1. Not knowing gets you off the hook!

It’s a relief to let go of the pressure to always have the right answer at the drop of a hat. When we don’t know, we can be transparent about it, work out a plan and follow through on it. As examples: “Let’s put your question on this week’s team meeting agenda so others can weigh in on this,” or “I don’t know the answer, but I’ll check with Human Resources and get back to you tomorrow.”

Benefits of getting off the hook:
  • Avoiding errors that stem from the wish to be helpful and supportive.
  • Reduced sense of pressure to always have all the answers.
  • Increased learning opportunities for all involved.

2.  Not knowing gives the other person the chance to think things through.

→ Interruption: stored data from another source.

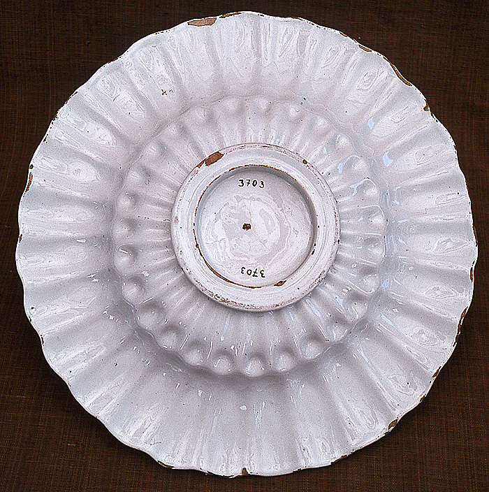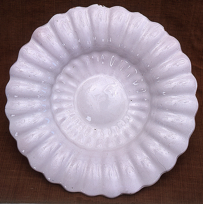 Låg fotring , välvd spegel , räfflad kep , räfflat , något nedvikt brätte med runduddig kant. Platt fotring.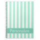 A fresh aqua and white stripes notebook design personalised with your name, company, or other text by replacing the sample text in the design template. Additional office products are available in this design for a coordinated look.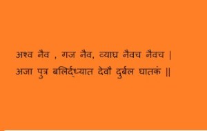 अजा पुत्र बलिर्द्ध्यात देवौ दुर्बल घातकं ||

Sometimes not knowing what you’re doing allows you to do things you never knew you could do.

~ Nell Scovell

You may have quickly come up with a good solution or a decision. Yet you’re  aware that your idea isn’t the only option, and possibly not the best one. Giving the other person the chance to reflect builds capacity and confidence. Allowing him or her to contribute their own thinking can lead to better approaches than either of you would think of on your own. You can ask questions like:

“ What have you considered doing?” 

“What is your goal here? What is your role?”

“What does this situation look like from the child’s perspective? What does it look like for the parents?”

Benefits of giving the other person the chance to think things through: 
  • Strengthens confidence.
  • Encourages collaboration by sharing insights, experiences,  concerns and observations.
  • Promotes reflective thinking and practice. 

Without reflection, we go blindly on our way, creating more unintended consequences and failing to create anything useful.

~Margaret J. Wheatley

3. Not knowing can buy time for thoughtful response.

Time pressures. Multiple responsibilities. A constant sense of urgency. Interpersonal conflicts. Culturally-based differences. These are just some  of the things can bring out reflexive reaction to difficult questions or situations.  When we react rather than reflect, we’re prone to errors in judgment or actions  that we later regret. Saying “I’m not sure what to say right now. Let me think it over and get back to you tomorrow” gives you time to handle your immediate reactions and to seek a better understanding of  complex or sensitive issues. 

Benefits of buying time for thoughtful response:
  • Allows time for careful reflection.
  • Avoids reacting based on  mistaken assumptions.
  • Communicates respect. 

Not Knowing Strengthens Relationships and Supports Learning

Not knowing anything is the sweetest life.


Knowing how to “not know” is an important skill. Throughout my career I’ve admired and learned from people who are more interested in learning from others  than in displaying their expertise and knowledge. 

There certainly is a time and place for sharing your knowledge right away. I’ve often said when facilitating training, “If I’m pulled over on the side of the road with steam coming out from under the hood of my car, I don’t want you to ask me what I think the best approach would be. I want you to take care of the problem!”

Most often though, there’s time for not knowing, for exploring options for promoting reflection, and for avoiding reflexive reactions.  Not knowing offers the relationship-strengthening  gifts of respect, openness,  and collaboration while avoiding the pitfall of feeling pressured to fix all the problems quickly  and without making mistakes. 

You, your colleagues and the families served all benefit from your careful use of the skill of “not knowing.”


Seibel, N.L., Britt, D., Groves-Gillespie, L. & Parlakian, R. (2006). Preventing child abuse and neglect: Parent-provider partnerships in child care. Washington, DC: ZERO TO THREE.